* PROMPT
Give the data again exactly, without its images.

(Items from a dataset)
====================

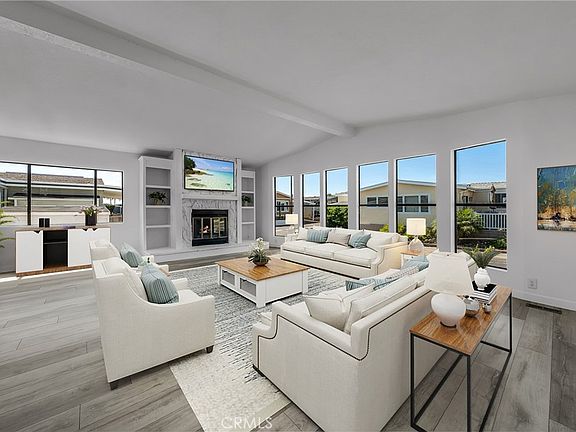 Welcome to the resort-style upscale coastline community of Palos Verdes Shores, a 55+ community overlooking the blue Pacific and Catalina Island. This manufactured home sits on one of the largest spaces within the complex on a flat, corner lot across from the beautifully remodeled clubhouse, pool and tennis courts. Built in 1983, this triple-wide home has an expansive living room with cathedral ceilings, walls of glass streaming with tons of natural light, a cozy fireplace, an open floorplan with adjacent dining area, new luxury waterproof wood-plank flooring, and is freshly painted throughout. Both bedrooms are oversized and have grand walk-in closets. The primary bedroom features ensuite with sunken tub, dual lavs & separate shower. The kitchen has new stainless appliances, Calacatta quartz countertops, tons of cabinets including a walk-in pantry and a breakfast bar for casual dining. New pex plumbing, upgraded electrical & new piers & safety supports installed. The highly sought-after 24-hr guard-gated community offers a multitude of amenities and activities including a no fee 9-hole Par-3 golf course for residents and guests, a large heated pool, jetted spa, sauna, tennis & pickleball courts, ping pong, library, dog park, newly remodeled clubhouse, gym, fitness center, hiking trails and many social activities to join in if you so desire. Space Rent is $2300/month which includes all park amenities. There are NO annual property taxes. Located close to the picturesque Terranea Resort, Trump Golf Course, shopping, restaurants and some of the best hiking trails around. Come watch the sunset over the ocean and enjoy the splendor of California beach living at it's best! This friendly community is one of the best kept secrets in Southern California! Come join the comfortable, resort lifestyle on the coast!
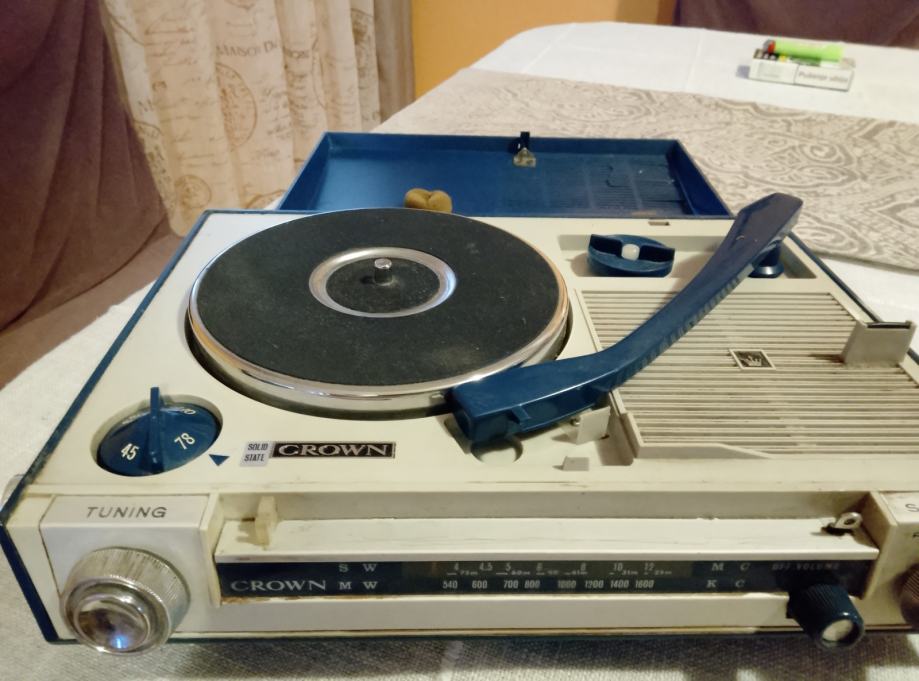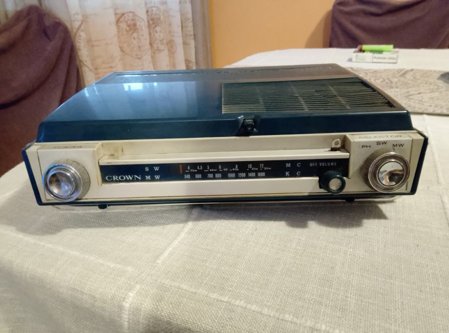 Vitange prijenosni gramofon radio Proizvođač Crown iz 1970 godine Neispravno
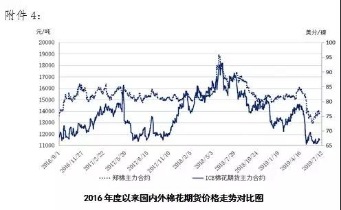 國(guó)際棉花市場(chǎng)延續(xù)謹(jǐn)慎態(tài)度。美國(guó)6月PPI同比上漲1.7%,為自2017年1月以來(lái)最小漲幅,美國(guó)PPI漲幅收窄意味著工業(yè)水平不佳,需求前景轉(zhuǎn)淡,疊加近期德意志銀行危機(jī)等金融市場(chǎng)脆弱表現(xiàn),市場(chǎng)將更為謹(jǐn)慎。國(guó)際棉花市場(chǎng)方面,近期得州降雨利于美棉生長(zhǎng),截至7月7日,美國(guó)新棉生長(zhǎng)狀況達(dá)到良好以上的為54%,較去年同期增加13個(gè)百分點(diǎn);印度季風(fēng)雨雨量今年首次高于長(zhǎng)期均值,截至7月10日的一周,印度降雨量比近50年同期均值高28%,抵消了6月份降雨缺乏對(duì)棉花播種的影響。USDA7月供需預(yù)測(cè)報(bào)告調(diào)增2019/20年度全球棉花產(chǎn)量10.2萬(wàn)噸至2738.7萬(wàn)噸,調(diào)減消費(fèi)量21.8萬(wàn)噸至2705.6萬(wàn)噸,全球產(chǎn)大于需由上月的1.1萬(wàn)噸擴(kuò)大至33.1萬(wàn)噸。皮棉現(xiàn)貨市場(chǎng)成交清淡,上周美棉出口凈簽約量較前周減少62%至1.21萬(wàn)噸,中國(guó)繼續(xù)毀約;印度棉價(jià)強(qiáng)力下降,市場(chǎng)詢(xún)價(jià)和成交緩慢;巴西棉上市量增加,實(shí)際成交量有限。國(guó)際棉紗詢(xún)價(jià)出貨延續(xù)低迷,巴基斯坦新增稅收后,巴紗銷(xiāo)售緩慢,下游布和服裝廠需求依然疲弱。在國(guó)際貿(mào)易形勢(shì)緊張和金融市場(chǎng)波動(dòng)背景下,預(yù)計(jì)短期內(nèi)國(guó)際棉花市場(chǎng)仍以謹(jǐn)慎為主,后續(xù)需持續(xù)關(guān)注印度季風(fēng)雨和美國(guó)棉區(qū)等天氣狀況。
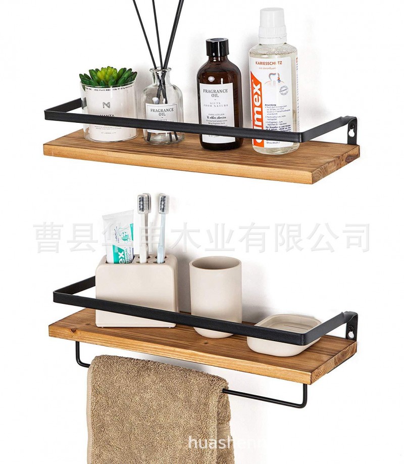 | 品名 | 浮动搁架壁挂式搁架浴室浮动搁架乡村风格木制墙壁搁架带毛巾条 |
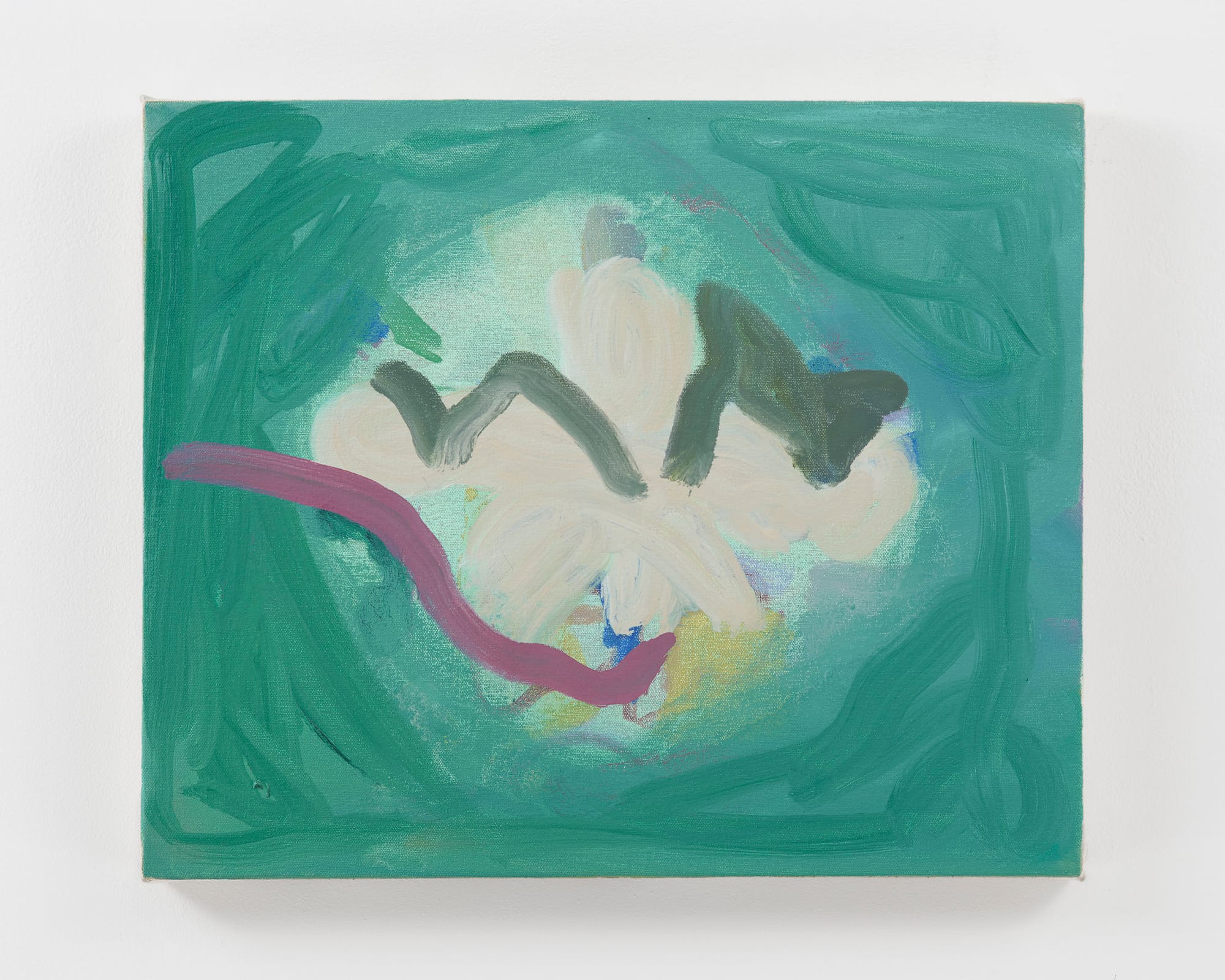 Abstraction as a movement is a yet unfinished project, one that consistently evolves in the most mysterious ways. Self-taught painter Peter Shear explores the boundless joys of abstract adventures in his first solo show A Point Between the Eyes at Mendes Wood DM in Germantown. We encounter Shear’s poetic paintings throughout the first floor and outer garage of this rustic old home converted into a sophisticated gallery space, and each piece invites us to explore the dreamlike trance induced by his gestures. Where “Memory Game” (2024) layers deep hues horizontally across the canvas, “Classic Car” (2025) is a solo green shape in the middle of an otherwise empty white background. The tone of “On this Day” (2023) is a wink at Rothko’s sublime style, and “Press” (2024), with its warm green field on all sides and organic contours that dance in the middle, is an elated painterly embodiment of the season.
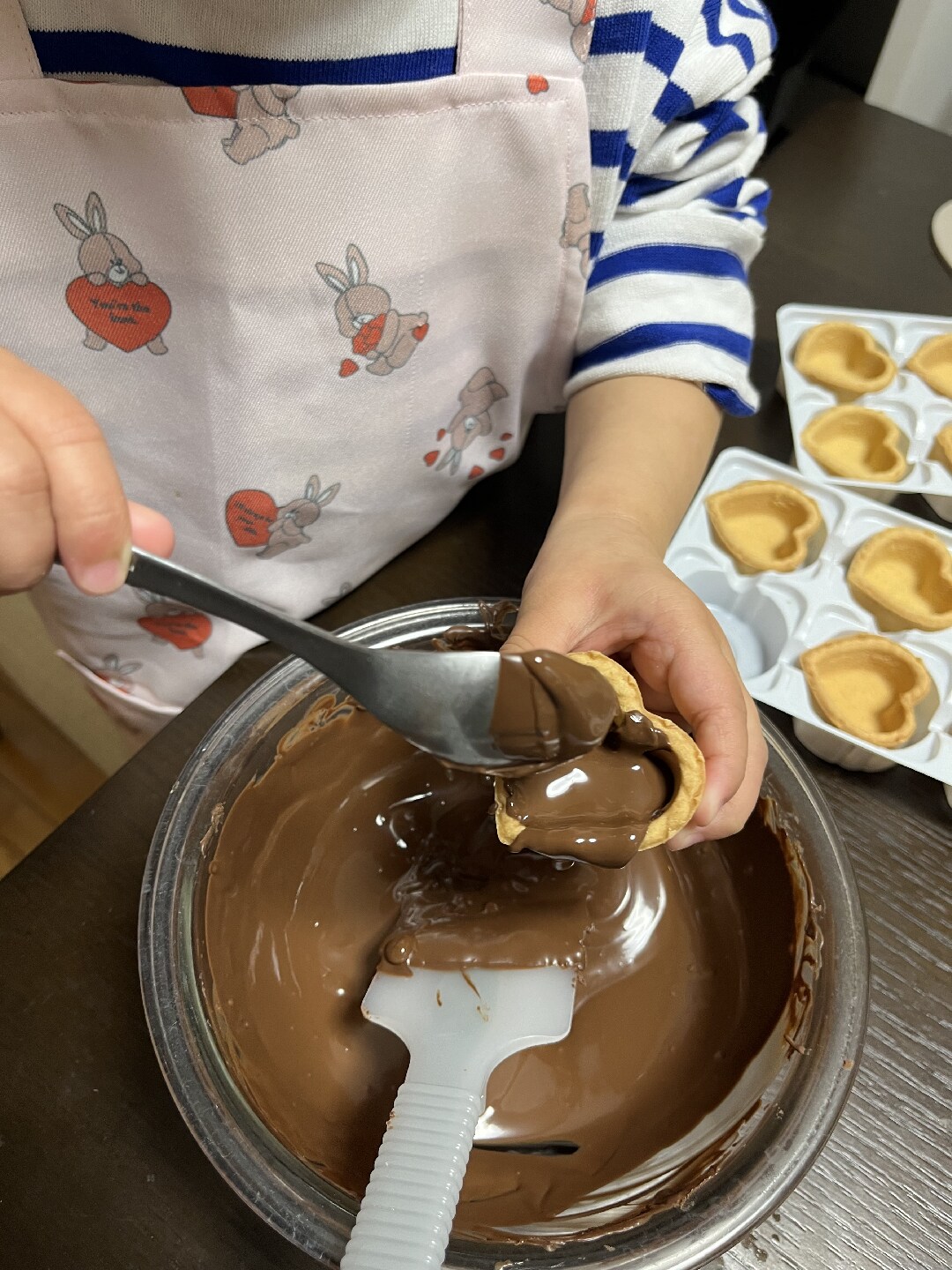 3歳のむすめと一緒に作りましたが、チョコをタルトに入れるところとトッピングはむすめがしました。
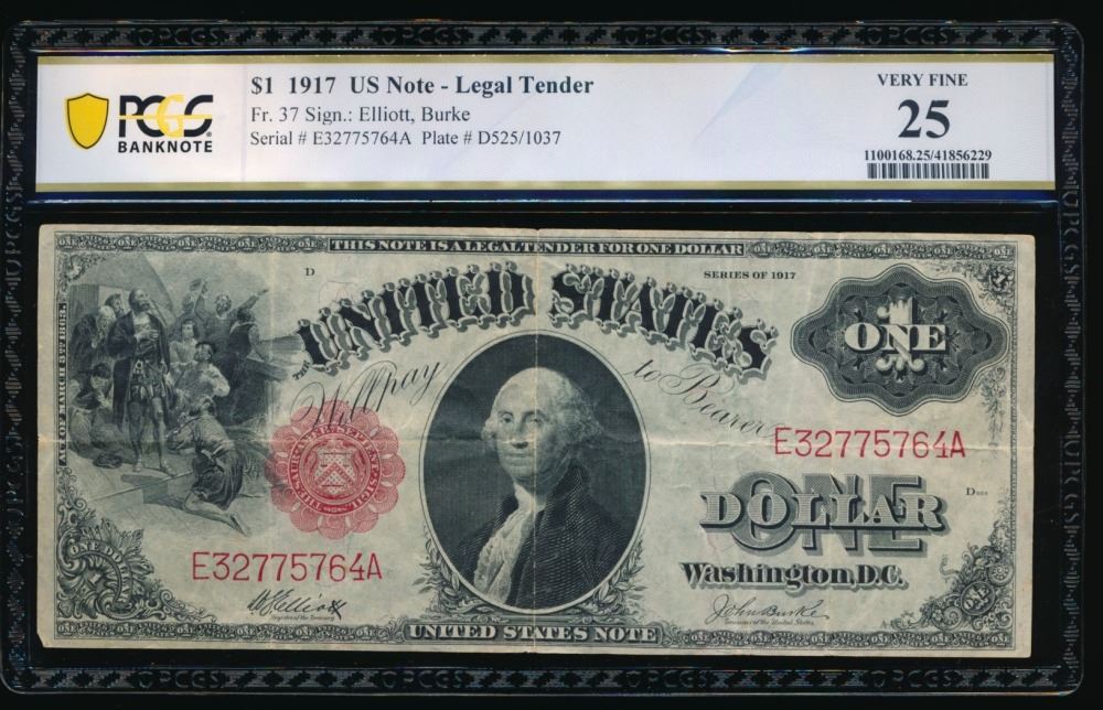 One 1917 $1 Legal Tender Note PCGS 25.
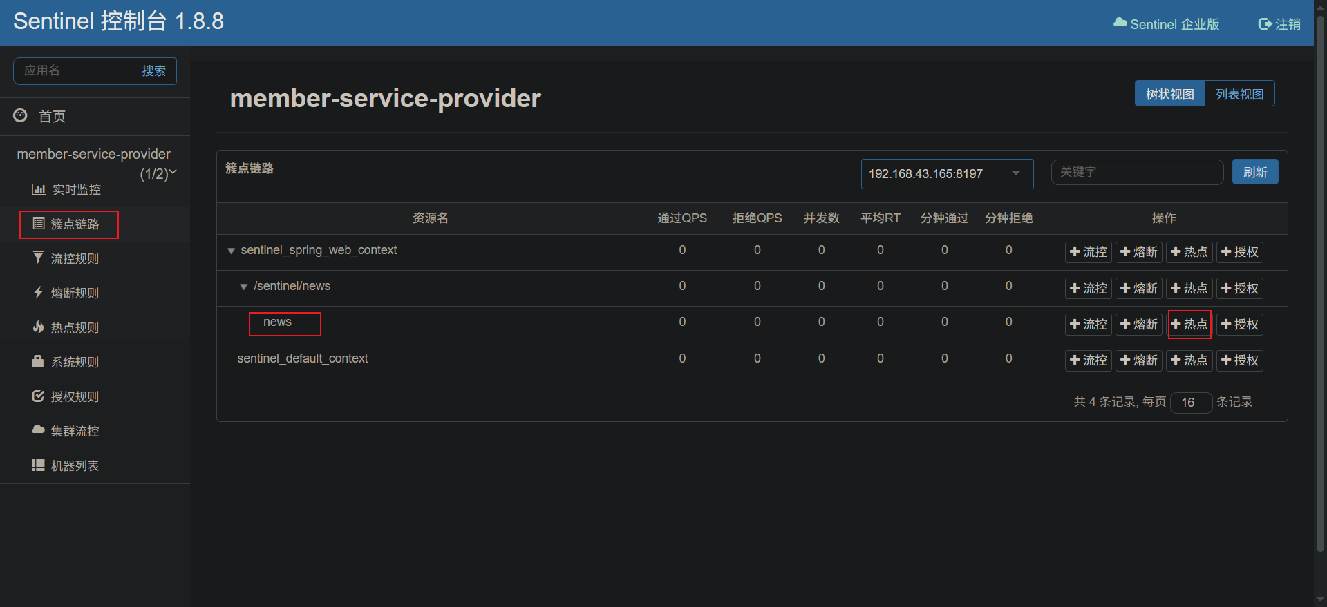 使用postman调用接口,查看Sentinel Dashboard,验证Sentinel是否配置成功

====================

* RESPONSE TO THE EXERCISE
 Welcome to the resort-style upscale coastline community of Palos Verdes Shores, a 55+ community overlooking the blue Pacific and Catalina Island. This manufactured home sits on one of the largest spaces within the complex on a flat, corner lot across from the beautifully remodeled clubhouse, pool and tennis courts. Built in 1983, this triple-wide home has an expansive living room with cathedral ceilings, walls of glass streaming with tons of natural light, a cozy fireplace, an open floorplan with adjacent dining area, new luxury waterproof wood-plank flooring, and is freshly painted throughout. Both bedrooms are oversized and have grand walk-in closets. The primary bedroom features ensuite with sunken tub, dual lavs & separate shower. The kitchen has new stainless appliances, Calacatta quartz countertops, tons of cabinets including a walk-in pantry and a breakfast bar for casual dining. New pex plumbing, upgraded electrical & new piers & safety supports installed. The highly sought-after 24-hr guard-gated community offers a multitude of amenities and activities including a no fee 9-hole Par-3 golf course for residents and guests, a large heated pool, jetted spa, sauna, tennis & pickleball courts, ping pong, library, dog park, newly remodeled clubhouse, gym, fitness center, hiking trails and many social activities to join in if you so desire. Space Rent is $2300/month which includes all park amenities. There are NO annual property taxes. Located close to the picturesque Terranea Resort, Trump Golf Course, shopping, restaurants and some of the best hiking trails around. Come watch the sunset over the ocean and enjoy the splendor of California beach living at it's best! This friendly community is one of the best kept secrets in Southern California! Come join the comfortable, resort lifestyle on the coast!
 Vitange prijenosni gramofon radio Proizvođač Crown iz 1970 godine Neispravno
 國(guó)際棉花市場(chǎng)延續(xù)謹(jǐn)慎態(tài)度。美國(guó)6月PPI同比上漲1.7%,為自2017年1月以來(lái)最小漲幅,美國(guó)PPI漲幅收窄意味著工業(yè)水平不佳,需求前景轉(zhuǎn)淡,疊加近期德意志銀行危機(jī)等金融市場(chǎng)脆弱表現(xiàn),市場(chǎng)將更為謹(jǐn)慎。國(guó)際棉花市場(chǎng)方面,近期得州降雨利于美棉生長(zhǎng),截至7月7日,美國(guó)新棉生長(zhǎng)狀況達(dá)到良好以上的為54%,較去年同期增加13個(gè)百分點(diǎn);印度季風(fēng)雨雨量今年首次高于長(zhǎng)期均值,截至7月10日的一周,印度降雨量比近50年同期均值高28%,抵消了6月份降雨缺乏對(duì)棉花播種的影響。USDA7月供需預(yù)測(cè)報(bào)告調(diào)增2019/20年度全球棉花產(chǎn)量10.2萬(wàn)噸至2738.7萬(wàn)噸,調(diào)減消費(fèi)量21.8萬(wàn)噸至2705.6萬(wàn)噸,全球產(chǎn)大于需由上月的1.1萬(wàn)噸擴(kuò)大至33.1萬(wàn)噸。皮棉現(xiàn)貨市場(chǎng)成交清淡,上周美棉出口凈簽約量較前周減少62%至1.21萬(wàn)噸,中國(guó)繼續(xù)毀約;印度棉價(jià)強(qiáng)力下降,市場(chǎng)詢(xún)價(jià)和成交緩慢;巴西棉上市量增加,實(shí)際成交量有限。國(guó)際棉紗詢(xún)價(jià)出貨延續(xù)低迷,巴基斯坦新增稅收后,巴紗銷(xiāo)售緩慢,下游布和服裝廠需求依然疲弱。在國(guó)際貿(mào)易形勢(shì)緊張和金融市場(chǎng)波動(dòng)背景下,預(yù)計(jì)短期內(nèi)國(guó)際棉花市場(chǎng)仍以謹(jǐn)慎為主,后續(xù)需持續(xù)關(guān)注印度季風(fēng)雨和美國(guó)棉區(qū)等天氣狀況。
 | 品名 | 浮动搁架壁挂式搁架浴室浮动搁架乡村风格木制墙壁搁架带毛巾条 |
 Abstraction as a movement is a yet unfinished project, one that consistently evolves in the most mysterious ways. Self-taught painter Peter Shear explores the boundless joys of abstract adventures in his first solo show A Point Between the Eyes at Mendes Wood DM in Germantown. We encounter Shear’s poetic paintings throughout the first floor and outer garage of this rustic old home converted into a sophisticated gallery space, and each piece invites us to explore the dreamlike trance induced by his gestures. Where “Memory Game” (2024) layers deep hues horizontally across the canvas, “Classic Car” (2025) is a solo green shape in the middle of an otherwise empty white background. The tone of “On this Day” (2023) is a wink at Rothko’s sublime style, and “Press” (2024), with its warm green field on all sides and organic contours that dance in the middle, is an elated painterly embodiment of the season.
 3歳のむすめと一緒に作りましたが、チョコをタルトに入れるところとトッピングはむすめがしました。
 One 1917 $1 Legal Tender Note PCGS 25.
 使用postman调用接口,查看Sentinel Dashboard,验证Sentinel是否配置成功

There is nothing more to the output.